Tragic accident sparks golf cart safety discussion - Live5News.com | Charleston, SC | News, Weather, Sports

Tragic accident sparks golf cart safety discussion


Golf cart safety laws are under the microscope in South Carolina. While they might not seem intimidating, several teens and adults have either been killed or injured on golf carts, including a 13-year-old boy in Dorchester County last week.

Whether you are looking for a quicker way to get around or are trying to save gas, golf carts are the answer for many people.

After recent accidents, including Friday's tragedy, many are wondering if the laws are strict enough.

"They can be as safe of a transportation as any other mode and they can be as dangerous as you want to make them," says Folly Beach Mayor Tim Goodwin.

Goodwin says golf carts are always on the roads in Folly Beach. He says police enforce the rules of the state when it comes to golf carts.

Drivers must be at least 16 years old with a license and a golf cart permit in order to operate a golf cart. Golf carts can't be driven after dusk and the farthest you can drive them is two miles away from your home or office.

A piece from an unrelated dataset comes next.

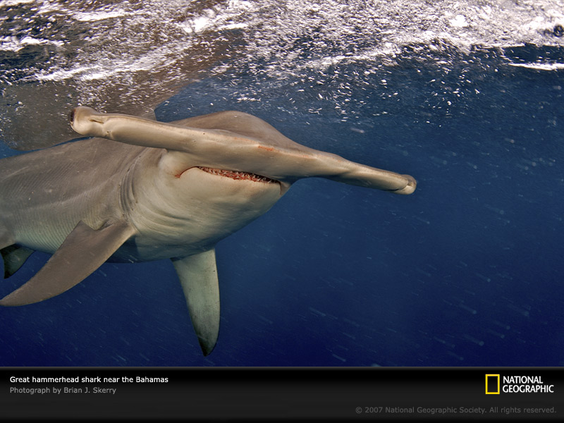 原始的外貌,巨大的锤头鲨,这只就是靠近巴哈马群岛,是实际的进展的高级的鲨鱼群。睁大的眼睛和鼻孔提供敏锐的外周的感官,还很少的电子接受器在它的口鼻部能帮助它查明被掠食者。具有十二个锯齿状的牙齿作为依靠。

Golf carts are only to be driven on secondary roads. On Folly Beach, Center Street is a primary road.

"You can drive east to west but not north to south," Goodwin said.

Rep. Chip Limehouse says the golf cart laws may not be strict enough.

"Golf carts are not toys and you can get hurt badly in a golf cart," Limehouse said.

Limehouse added that seatbelts are just one safety precaution he would like to see required.

"I think another thing to look at is head protection," Limehouse said. "That might be something we need to look at. We need to hold hearings, find out what other states are doing and go from there."

There have been at least seven accidents across the state this year. The victim in Friday's accident fell out of the golf cart sometime after school. He died Sunday from head trauma.